First, let us combine the results from PCA with S&P 500 company info data.
pc_df <- pca_fit %>% tidy("loadings") %>% filter(PC %in% c(1:5)) %>% rename(symbol=column) %>% left_join(stock_list_tbl, by="symbol") %>% mutate(PC=paste0("PC",PC)) %>% pivot_wider(names_from = "PC", values_from = "value")

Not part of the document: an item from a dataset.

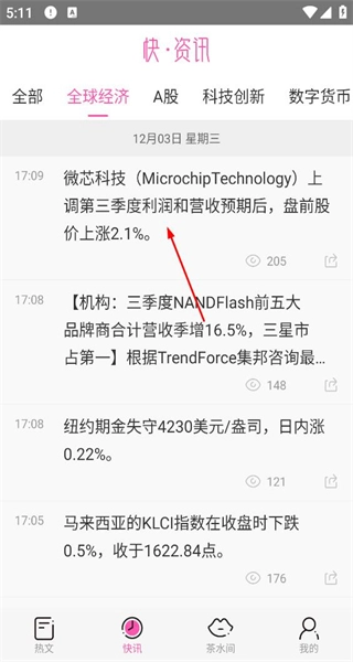 1、打开软件后,选择全球经济分类,查看该分类下的资讯列表,浏览如微芯科技上调预期、纽约期金等相关内容。

pc_df %>% head() ## # A tibble: 6 × 13 ## symbol company identifier sedol weight sector shares_held local_currency ## <chr> <chr> <chr> <chr> <dbl> <chr> <dbl> <chr> ## 1 A Agilent Tec… 00846U10 2520… 1.42e-3 Healt… 3289739 USD ## 2 AAL American Ai… 02376R10 BCV7… 2.80e-4 Indus… 7063898 USD ## 3 AAP Advance Aut… 00751Y10 2822… 2.90e-4 Consu… 667858 USD ## 4 AAPL Apple Inc. 03783310 2046… 5.87e-2 Infor… 165455870 USD ## 5 ABBV AbbVie Inc. 00287Y10 B92S… 9.07e-3 Healt… 19567584 USD ## 6 ABC Amerisource… 03073E10 2795… 8.29e-4 Healt… 1792022 USD ## # … with 5 more variables: PC1 <dbl>, PC2 <dbl>, PC3 <dbl>, PC4 <dbl>, ## # PC5 <dbl>
Now we make the PCA plot, a scatter plot between PC1 and PC2. We also color the points in the scatter plot by the sector it belongs in the S&P 500 index.

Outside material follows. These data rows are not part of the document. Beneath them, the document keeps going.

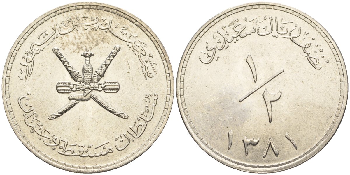 Султанат Маскат и Оман 1/2 саиди риала 1961 AH 1381, Саид бен Таймур аль-Саид (1932-1970) KM 34 серебро 1527-1011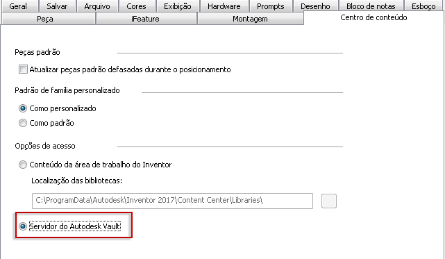 Na caixa de diálogo Opções do aplicativo do Inventor, certifique-se de que o Inventor está configurado para usar o Vault para as bibliotecas do Centro de conteúdo.
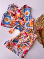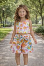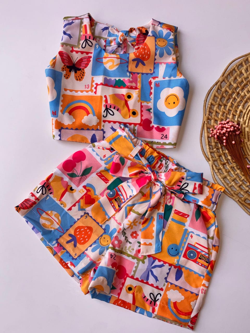 Conjunto infantil confeccionado em crepe com toque de seda, tecido leve, macio e confortável.

pc_df %>% ggplot(aes(x=PC1,y=PC2, color=sector))+ geom_point(size=3, alpha=0.7)+ #coord_fixed() + labs(title= "PCA: 2022 S&P 500 Stock Data", x=paste0("PC1: ", round(variance_exp[1]*100), "%"), y=paste0("PC1: ", round(variance_exp[2]*100), "%")) ggsave("PCA_plot_PC1_vs_PC2_SP500_daily_return.png")
By squinting at the PCA plot a bit we can see some patterns at the sector level, but not easily.

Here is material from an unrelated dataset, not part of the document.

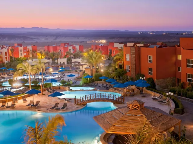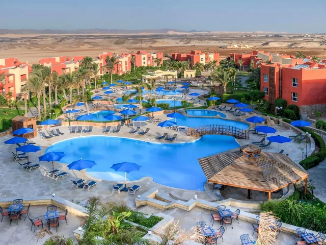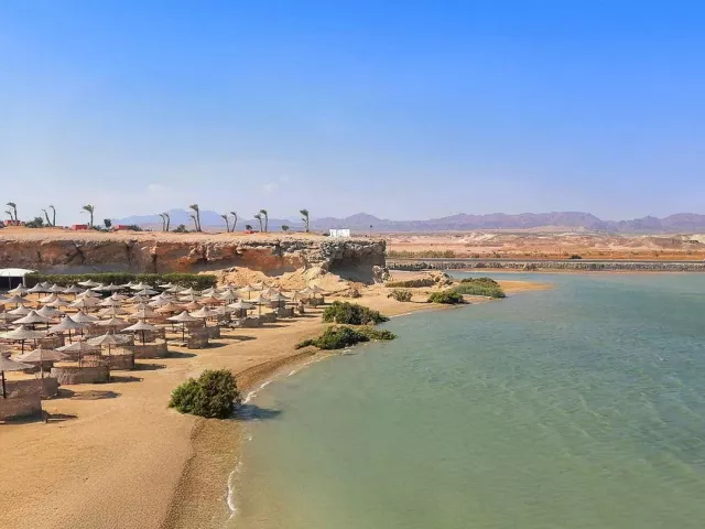 Hotel sa nachádza 45 km od letiska Marsa Alam, v zátoke Jabal Rosas Bay, v druhej línii od mora.
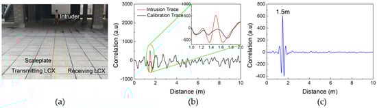 Figure 5a shows the experimental scene of an intruder passing through the monitoring area consisting of two LCXs. The LCXs are placed parallel on dry ground with 0.4-m spacing distance, and a scaleplate is placed parallel to the LCXs to calibrate the actual distance of the intruder. Figure 5b shows the detection results before and after intrusion, named intrusion trace (red curve) and calibration trace (black curve), respectively. They reveal a significant change at the distance of the intruder. By subtracting the calibration trace from the intrusion trace, a correlation peak at 1.5 m representing the distance of the intruder is obtained as shown in Figure 5c.

To see what PC1 has captured, we make a boxplot with PC1 on x-axis and S&P 500 index sectors on y-axis.
We have ordered the sectors by the median PC1 values.
pc_df %>% ggplot(aes(x=PC1,y=reorder(sector,PC1), color=sector))+ geom_boxplot(size=1)+ labs(title= "PCA: 2022 S&P 500 Stock Data", x=paste0("PC1: ", round(variance_exp[1]*100), "%"), y="Sector")+ #geom_jitter(width=0.05)+ theme(legend.position="none") ggsave("PCA_plot_PC1_vs_SP500_sectors.png")
We can clearly see the pattern that PC1 has captured. At the one end of the boxplot we have IT companies and at the other end we have energy companies. As we go from the sector IT, that has low PC1 values, to energy sector with high PC1 value, we can also see other sectors have a nice increasing pattern in their median PC1 values.
Going back to the PCA plot between PC1 and PC2, let us remake the plot this time highlighting only the energy and IT sectors.
pc_df %>% ggplot(aes(x=PC1,y=PC2))+ geom_point(color="grey", size=3, alpha=0.3)+ geom_point(data=pc_df %>% filter(sector=="Energy"), aes(PC1,PC2, color=sector), size=3, alpha=0.5)+ geom_point(data=pc_df %>% filter(sector=="Information Technology"), aes(PC1,PC2, color=sector), size=3, alpha=0.5)+ #coord_fixed() + labs(title= "PCA: 2022 S&P 500 Stock Data", x=paste0("PC1: ", round(variance_exp[1]*100), "%"), y=paste0("PC1: ", round(variance_exp[2]*100), "%")) #theme(legend.position = "none") ggsave("PCA_plot_PC1_vs_PC2_SP500_sectors.png")
Now, we can see both PC1 and PC2 seem to separate these sectors nicely. Definitely there is a huge variability within the sectors.
To summarize, in this post, we saw how to get stock price data using tidyquant and perform PCA on S&P 500 stock data using tidyverse framework. We performed a first pass PCA on the daily return data from S&P 500 index companies for the year 2022. And could find the top PCs do explain the general market behaviour on the returns nicely. As mentioned this is really a cursory fun analysis, it will be interesting to do more detailed financial analysis with this data using dimensionality reduction techniques like PCA.